EXERCISE:
Would you please write out only the lines running from the top of the listing through the one holding "Account ID—The identifier", exactly, with both ends kept and pictures left out?

DATA SHOWN Block Start

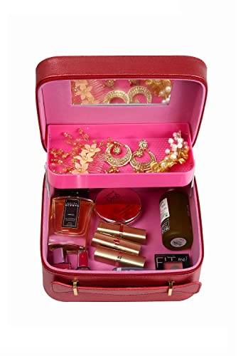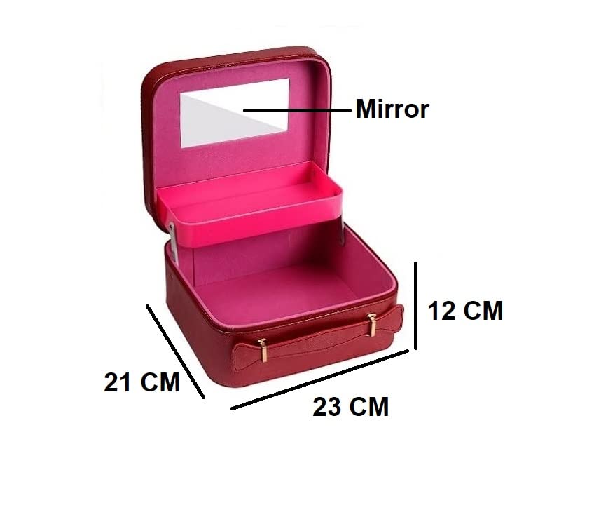 Material : This Vanity case , makeup organizer and storage is made of high-quality PU leather fabric, which is waterproof and practical , and has a soft lining for better care of jewelry.Large capacity:: This vanity case adopts a retractable and foldable design, which saves space and can be used for daily cosmetics and jewelry. Cosmetic bag can hold: lotion, facial cleanser, perfume, foundation, makeup brush, lipstick, nail polish, face cream, etc.Design with mirror : The makeup case organizer has a high-definition mirror surface, glass edging, delicate and safe, and the special process mirror surface fits flatly, which is more convenient to use.Multipurpose & Multifunctional: The beauty box makeup organizer is suitable for dressing table storage, travel, cosmetic studio, beauty center. A perfect gift for women,men,couple,friends, holidays.Perfect Gift Option , SIZE & DIMENSIONS : Vanity Box Size : Height : 12cm , Length : 21cm , Width : 23cm Weight : 850gm.
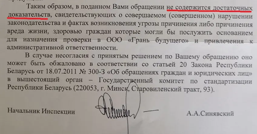 В ответе Госстандарта написано: «в поданном обращении не содержится достаточных доказательств нарушения законодательства», поэтому оснований для проверки ООО «Грань будущего» и привлечения к ответственности они не нашли.
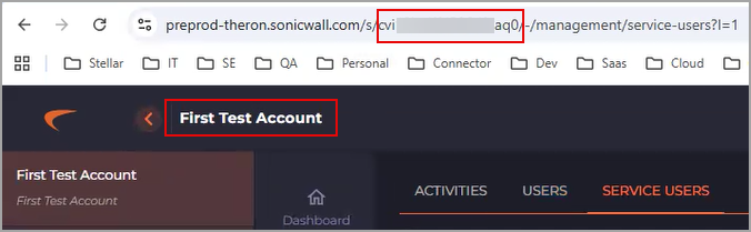 Account ID—The identifier of a user's account with SonicWall. See Getting the Account ID, Tenant ID, Group ID.
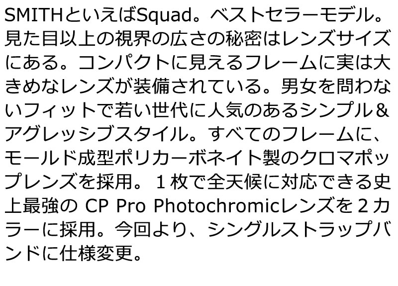 SMITH【SQUAD プロ調光】 コメント SMITHといえばSquad。ベストセラーモデル。見た目以上の視界の広さの秘密はレンズサイズにある。コンパクトに見えるフレームに実は大きめなレンズが装備されている。男女を問わないフィットで若い世代に人気のあるシンプル&アグレッシブスタイル。すべてのフレームに、モールド成型ポリカーボネイト製のクロマポップレンズを採用。1枚で全天候に対応できる史上最強の CP Pro Photochromicレンズを2カラーに採用。今回より、シングルストラップバンドに仕様変更。 ※掲載写真の色合いは、PCモニター環境や撮影時の光環境により実物と若干違う可能性もございますのでご了承ください。 ゴーグルのサイズ感、見え方等、ご不明な点があればお気軽にお問い合わせください。 ※フェイスマスク等ゴーグル下部に挟んでつける場合、ゴーグル内部が曇り易くなります。 息の抜けをゴーグル内部に送り込まないようフィッティングすると解消されます。 ※ゴールが雪、雨、汗で濡れたり湿気をまとうシュチュエーションになった場合、ダブルレンズ内部の曇りを防ぐため乾燥させてからご使用ください。 ※こちらの商品はご予約商品の為、お届けは9月~11月頃からお届け開始予定です。通常商品とは納期、お支払方法等違いますので必ずご予約詳細ページをご覧頂きご理解いただいた上でのご注文お願いいたします。 また、一部メーカー予定在庫になりますので、欠品の場合が御座います事をご了承ください。 ▲ご予約方法、お支払方法はこちらをチェック!!▲ ▲シャープに、クリアに、そして鮮明に▲ 交換について ウエアのメンテナンス インソール&ソックス 防寒・日焼け対策に! メーカー希望小売価格はメーカーカタログに基づいて掲載しています。レビュー内容に関して:2025/8/17 25-26モデルに変更。24-25モデルよりデザイン変更。シングルストラップバンドに仕様変更。ブランド名SMITH ブランド名カナスミス モデル名SQUAD プロ調光 モデル名カナスカッド 商品ゴーグル スノーボード スキー 年式2025-2026 対象メンズ レディース キーワード平面レンズ 調光レンズ アジアンフィット クロマポップ カラー展開ブラック/黒 グレー/灰色

DATA SHOWN Block End

SOLUTION TO THE PROBLEM:
 Material : This Vanity case , makeup organizer and storage is made of high-quality PU leather fabric, which is waterproof and practical , and has a soft lining for better care of jewelry.Large capacity:: This vanity case adopts a retractable and foldable design, which saves space and can be used for daily cosmetics and jewelry. Cosmetic bag can hold: lotion, facial cleanser, perfume, foundation, makeup brush, lipstick, nail polish, face cream, etc.Design with mirror : The makeup case organizer has a high-definition mirror surface, glass edging, delicate and safe, and the special process mirror surface fits flatly, which is more convenient to use.Multipurpose & Multifunctional: The beauty box makeup organizer is suitable for dressing table storage, travel, cosmetic studio, beauty center. A perfect gift for women,men,couple,friends, holidays.Perfect Gift Option , SIZE & DIMENSIONS : Vanity Box Size : Height : 12cm , Length : 21cm , Width : 23cm Weight : 850gm.
 В ответе Госстандарта написано: «в поданном обращении не содержится достаточных доказательств нарушения законодательства», поэтому оснований для проверки ООО «Грань будущего» и привлечения к ответственности они не нашли.
 Account ID—The identifier of a user's account with SonicWall. See Getting the Account ID, Tenant ID, Group ID.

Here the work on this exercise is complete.